## [Task statement]
Write every line below out again exactly, images omitted.

## [Exercise data]
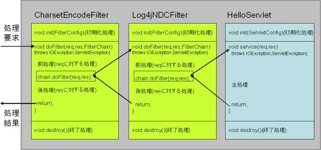 | 親 | RequestDispatcher | getRequestDispatcher?(String path) | web.xmlで、pathに割り付けた、RequestDispatcher を返す |
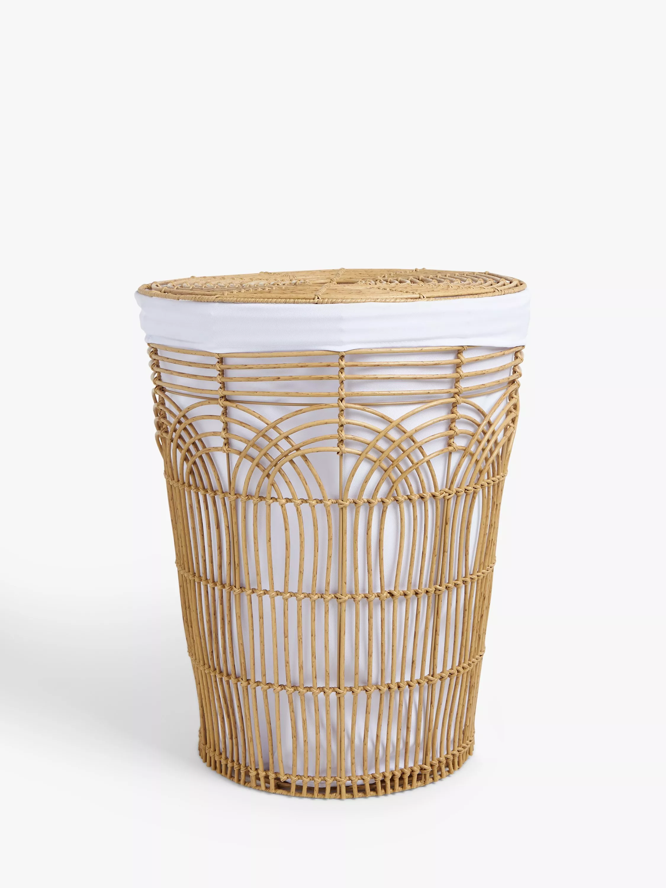 Decorative rattan laundry basket with hand-woven details and an open wicker design to increase airflow, preventing any musty odours if you leave it an extra day or two before laundering. Comes with a lid and a removable fabric liner to make transporting dirty washing easy.
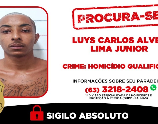 O segundo investigado, Luyz Carlos Alves Lima Júnior, 26 anos, continua foragido. Contra o homem há um mandado de prisão preventiva em aberto, expedido pelo Poder Judiciário da Comarca de Palmas, após representação da Polícia Civil. Informações sobre seu paradeiro podem ser repassadas à 1ª DHPP – Palmas, pelo telefone ou WhatsApp (63) 3218-2408. O sigilo é garantido.
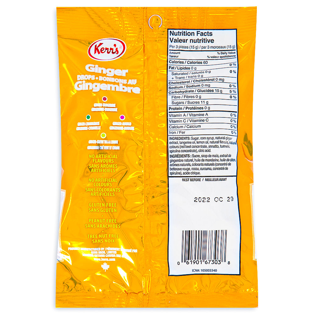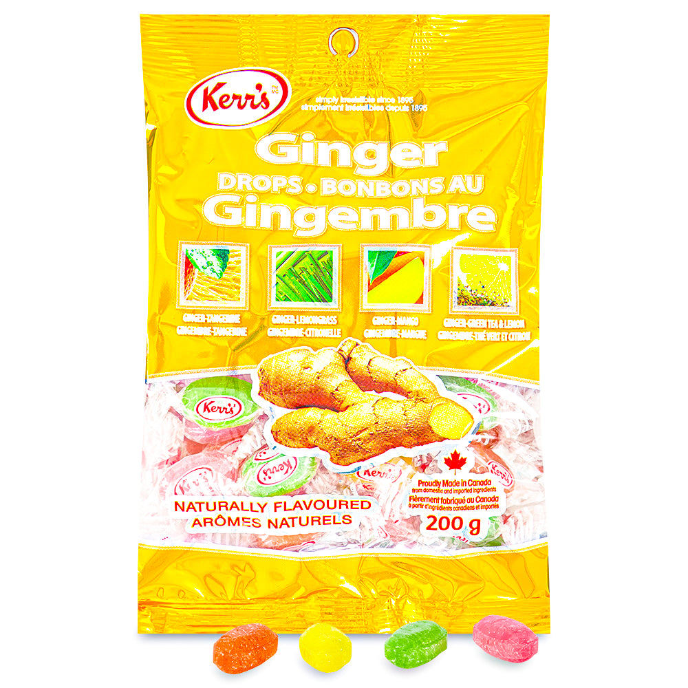 Kerr's Ginger Drops are delicious and spicy hard candies! These classic Canadian Candies are made with natural ginger extract, natural tangerine and lemon oil. Only natural colours and flavours. No high fructose corn syrup and no modified or hydrogenated fats or oils are used in this fine candy!

## [Task response]
 | 親 | RequestDispatcher | getRequestDispatcher?(String path) | web.xmlで、pathに割り付けた、RequestDispatcher を返す |
 Decorative rattan laundry basket with hand-woven details and an open wicker design to increase airflow, preventing any musty odours if you leave it an extra day or two before laundering. Comes with a lid and a removable fabric liner to make transporting dirty washing easy.
 O segundo investigado, Luyz Carlos Alves Lima Júnior, 26 anos, continua foragido. Contra o homem há um mandado de prisão preventiva em aberto, expedido pelo Poder Judiciário da Comarca de Palmas, após representação da Polícia Civil. Informações sobre seu paradeiro podem ser repassadas à 1ª DHPP – Palmas, pelo telefone ou WhatsApp (63) 3218-2408. O sigilo é garantido.
 Kerr's Ginger Drops are delicious and spicy hard candies! These classic Canadian Candies are made with natural ginger extract, natural tangerine and lemon oil. Only natural colours and flavours. No high fructose corn syrup and no modified or hydrogenated fats or oils are used in this fine candy!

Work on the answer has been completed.